Tuesday July 21st 2009, 18:47
Filed under: Writing Tips,blogging,brain snacks

Every literature or creative writing course I’ve ever taken has addressed this topic: Britishness. What does it mean to be British? Do we do the same thing in The States? I don’t think so. (I never did.) But I’ve never taken a literature/writing course on U.S. soil. So, maybe…

Zadie Smith was the first writer I explored with this particular question in mind: What does it mean to be British? In my view, she answers it fantastically. But I’m a Yank. So what do I know? I’ll tell you what, this – Smith is a brilliant comic novelist (you will especially agree with me if you’ve ever heard her read aloud her work.) And I think Amis does a disservice by not pointing it out.
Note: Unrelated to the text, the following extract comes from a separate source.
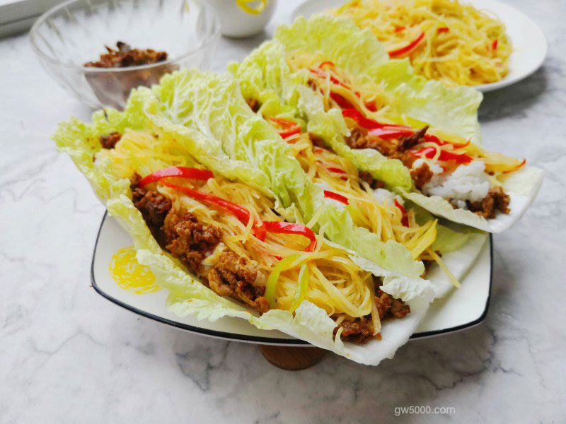 - 9先取一片白菜叶,抹上适量的鸡蛋酱,再放入白白的大米饭,最后来一些炒好的尖椒土豆丝,一个包饭就做好。

But again, who am I to question the son of Sir Kingsley?

Zadie Smith Comic Novelist

Photo Courtesy of brooklynheathen.com

Manchester Centre for New Writing

According to Professor of Creative Writing Martin Amis, he and fellow ‘Literature and Britishness’ panellist Howard Jacobson are the last remaining British comic novelists. If successful humour hinges on implied superiority over other groups we have become a nation terrified of referring to people collectively at all, let alone to any kind of grudge or rivalry based on national identity.

Jacobson claimed to be uncertain whether Britishness actually exists, and certainly not to believe in multiculturalism. In his view, the concept is a device of the English intelligentsia, which would hate its own country’s culture if it couldn’t dismiss the English aspects and embrace those from elsewhere. Yet he spoke of an appealing English quality in the voices of novelists like George Eliot, which he described as simultaneously satirical, tolerant, aloof, and aware of its own absurdity.

He agreed with comments by Amis about the effective tradition of sexual symbolism in British writing, going so far as to say that “…the best sex in an English novel has no mention of sex”. In Amis’s view this is again related to British writing being unusually grounded in sanity, with a median, middle class world its traditional subject matter.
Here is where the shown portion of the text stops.